Um dos aspetos que considera importantes é a forma como as escolas recebem os alunos estrangeiros. Cristina Mota diz que “nem sempre as escolas conseguem dar resposta a estes alunos” e que “talvez um ano zero para estes alunos pudesse evitar algum do insucesso que temos”.
“É uma realidade que tem de ser discutida e encontrar-se respostas suficientes. Há alunos que não percebem uma palavra daquilo que o professor está a dizer. Têm Português Língua Não Materna, mas em paralelo têm todas as outras disciplinas, sem preparação para o efeito. Além disso, a forma como as escolas recebem os alunos estrangeiros difere de escola para escola. Devia haver diretrizes do Ministério da Educação e não há”, acusa Cristina Mota.
David Rodrigues diz que se tivesse de aconselhar um pai ou uma mãe na escolha da escola para o filho lhe diria sem hesitar: “Não escolha a escola através do ranking. O ranking é sobre alunos e não sobre as escolas. As escolas fazem o melhor que podem com os alunos que têm. Vá à escola, converse com a escola, pergunte que projetos têm, que projetos estão a desenvolver com a comunidade, o apoio que dão aos alunos.”
“Olhe para a forma como a escola trabalha a diversidade dos seus alunos, a inclusão, o apoio aos alunos carenciados. Há escolas que têm 80% de alunos com Apoio Social Escolar. São alunos que não conseguem sequer pagar as refeições que fazem nas escolas. Há escolas que trabalham sobretudo com comunidades imigrantes, com comunidades ciganas. Alunos que precisam de maior apoio”, prossegue, para lançar um desafio à tutela: “Vamos fazer um ranking com escolas que melhor acolhem os alunos imigrantes, que melhor trabalho fazem com os alunos pobres”.
David Rodrigue sublinha ainda que “uma boa escola é aquela que consegue proporcionar aos seus alunos oportunidades iguais para terem sucesso” e destaca que “a questão da inclusão tem uma dimensão muito maior nas escolas públicas do que no colégio privado”. “Se uma escola pública pudesse peneirar os alunos, como podem fazer as escolas privadas o sucesso académico seria muito semelhante”, diz estar convencido.
David Rodrigues recorda os “exemplos maravilhosos” de escolas que encontra pelo país com projetos de interação com a comunidade. “Existem muitas escolas por esse país que trabalham com a banda filarmónica da terra, com o grupo desportivo, com os bombeiros… E isso sim, são escolas que desenvolvem projetos para proporcionar aos alunos experiências de desenvolvimento pessoal importantes”, diz.
“O Abel Salazar é que dizia que um médico que só saiba de medicina, nem de medicina sabe”, cita, para rematar.
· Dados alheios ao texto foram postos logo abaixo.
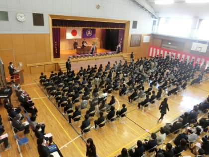 本日、暖かい日差しの中、卒業式が行われました。校長先生から一人一人に卒業証書が手渡しされました。卒業生の門出の言葉を堂々と述べられ、心のこもった歌声が響きわたるとても素敵な式となりました。
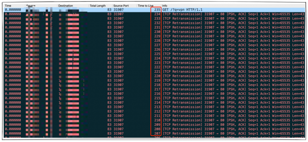 这个场景最为特殊,攻击请求到达服务器所在 IDC 机房后,由于路由环路使请求在两个路由器之间循环,最终导致中间盒收到大量请求,最终给靶机多次应答阻断页面。我们知道数据报文中有 TTL 字段,每经过一个路由设备就会减一,直到减到 0 报文才会被丢弃。而攻击请求报文的初始 TTL 设置为 255,这就意味着经过路由环路,放大系数会比原来的增大 200+倍。(如下图: 攻击请求环路导致中间盒收到大量重复请求)
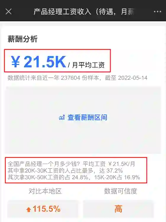 截止2022年-05-14,产品经理平均月工资 21.5K,其中15-20K占16.9%,20K-30K的占37.2%,30K-50K占24.8%。
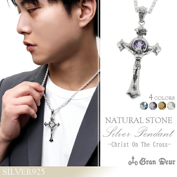 GRAN DEUR 十字架のキリスト 大粒4カラット天然石 シルバーネックレス チェーン付きペンダントトップ シトリン トパーズ アメジスト イエス クロス 4ct INRI シルバー925 銀 メンズ ネックレス 男性用 大型 ブランド クリスマス プレゼント 人気 彼氏 おしゃれ
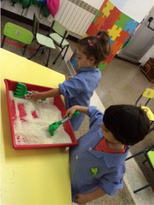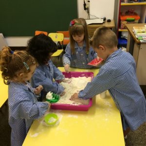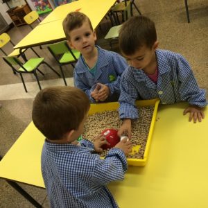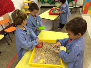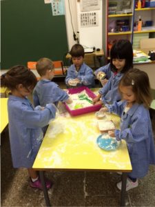 Ahir els nens/es de P3 varen fer dues activitats molt divertides. Un grup experimentava amb farina, cigrons i arròs les possibilitats manipulatives dels diferents materials.

A descida das escolas públicas no ranking anual
Na conversa com a CNN Portugal, Paulo Guinote questiona as razões porque é que todos os anos as escolas públicas caem mais uns lugares no ranking. A Escola Secundária de Vouzela, que voltou a ser a melhor escola pública este ano, de acordo com a tabela elaborada pela Lusa, numa parceria com a CNN Portugal e com a TVI, aparece em 39.º lugar. As primeiras 38 escolas da tabela são privadas. No ano passado a escola de Vouzela estava um lugar acima no ranking.
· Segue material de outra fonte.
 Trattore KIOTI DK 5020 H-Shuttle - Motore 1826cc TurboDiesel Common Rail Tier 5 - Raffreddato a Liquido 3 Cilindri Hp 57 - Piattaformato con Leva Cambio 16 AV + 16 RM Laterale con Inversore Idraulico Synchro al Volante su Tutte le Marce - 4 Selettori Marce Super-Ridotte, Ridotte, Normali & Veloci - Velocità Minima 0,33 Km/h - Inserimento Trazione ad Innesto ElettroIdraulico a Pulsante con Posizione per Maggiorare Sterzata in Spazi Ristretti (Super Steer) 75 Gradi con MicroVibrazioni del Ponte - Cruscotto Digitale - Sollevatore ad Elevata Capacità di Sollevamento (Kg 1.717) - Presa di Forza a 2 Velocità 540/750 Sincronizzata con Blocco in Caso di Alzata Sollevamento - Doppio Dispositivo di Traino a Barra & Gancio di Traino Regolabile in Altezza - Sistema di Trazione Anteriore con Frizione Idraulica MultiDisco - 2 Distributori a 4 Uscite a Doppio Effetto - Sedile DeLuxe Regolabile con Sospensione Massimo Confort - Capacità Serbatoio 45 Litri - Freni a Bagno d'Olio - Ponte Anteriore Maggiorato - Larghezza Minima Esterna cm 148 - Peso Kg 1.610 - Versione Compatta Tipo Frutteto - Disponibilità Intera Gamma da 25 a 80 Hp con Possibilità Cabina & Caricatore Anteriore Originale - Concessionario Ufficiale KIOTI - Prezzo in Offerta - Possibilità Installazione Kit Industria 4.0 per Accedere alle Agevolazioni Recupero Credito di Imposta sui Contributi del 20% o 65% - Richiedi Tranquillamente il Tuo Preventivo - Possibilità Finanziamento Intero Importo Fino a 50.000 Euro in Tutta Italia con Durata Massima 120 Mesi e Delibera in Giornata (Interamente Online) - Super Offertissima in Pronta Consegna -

“Há 20 anos, no top 30 dos rankings tínhamos metade das escolas públicas. Agora, temos duas ou três, ou até nenhuma, dependendo dos critérios adotados para elaborar o ranking. As escolas públicas, à medida que lhes foram introduzidos mecanismos que disseram que eram para melhorar, afundaram-se em relação aos colégios privados”, analisa o mentor do blogue “O Meu Quintal”.
“Até que ponto as políticas desenvolvidas desde 2008/2012 não foram negativas para o desempenho dos alunos? Porque é que, nos últimos 15 anos, as escolas públicas desaparecem dos topos dos rankings? Tem de haver uma explicação para isso”, acrescenta Paulo Guinote.
O professor diz ainda que “dentro das escolas públicas temos uma rede escolar a três velocidades”: “Temos escolas públicas com muito boas condições, que nem sequer estão no topo dos rankings, temos escolas que fazem o que podem com as poucas condições que têm e temos escolas públicas com péssimas condições.”